Ford is decreasing car manufacturing at six vegetation in North America as a consequence of chip shortages

Ford Motor is significantly reducing production at six plants in North America due to the ongoing global shortage of semiconductor chips, including facilities that make highly profitable pick-ups.

Measures vary by plant, but range from overtime cancellations to facilities closed for up to three weeks from April to June. Or a combination of both.

The affected plants are located in Illinois, Ohio, Kentucky, Michigan, Missouri, and Ontario, Canada. They manufacture a wide range of products – from F-150 pickups and vans to Ford Explorer SUVs and Ford Escape Crossovers.

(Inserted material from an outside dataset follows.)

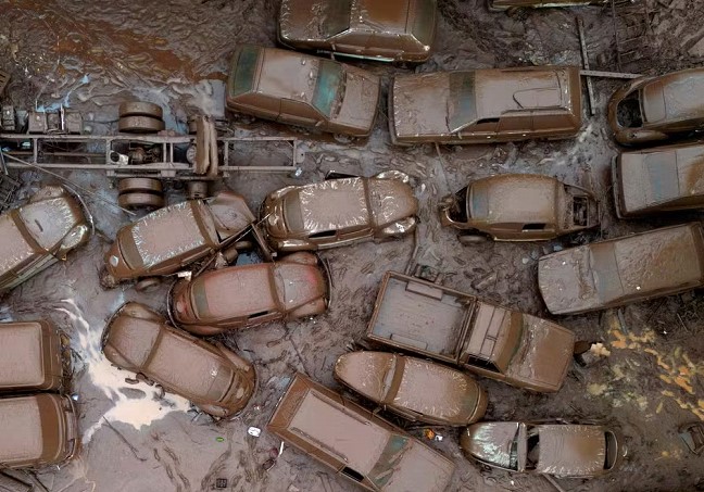 Imagem de drone de 3 de maio de 2024 mostra mar de carros enlameados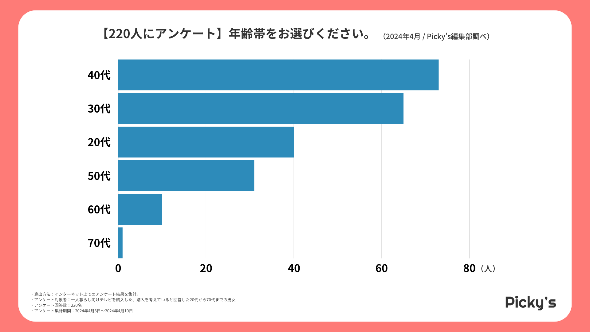 調査対象:一人暮らし向けテレビを購入した、購入を考えていると回答した20代から70代までの男女

Production of the F-150 in Dearborn, Michigan, will cease in the weeks of April 5th through April 12th, the company said. Ford is also canceling overtime at the factory in the weeks of April 26, May 10, May 31, and June 21. Another facility in Missouri that will manufacture the full-size F-150 will be shut down for a week starting Monday. Overtime at the plant will be suspended for eight weeks through most of June.

Semiconductors are key components that are used, among other things, in the infotainment, power steering and braking systems of new vehicles. With several plants closed due to Covid last year, suppliers turned semiconductors from automakers to other industries, creating a shortage after consumer demand fell more than expected.

Ford previously expected the shortage could cut its profits by $ 1 billion to $ 2.5 billion in 2021. Without releasing any new guidance, the company said it would “provide an update on the financial implications of semiconductor shortages” when it reports its first quarter earnings on April 28th.

This is a developing story. Check back soon for more updates.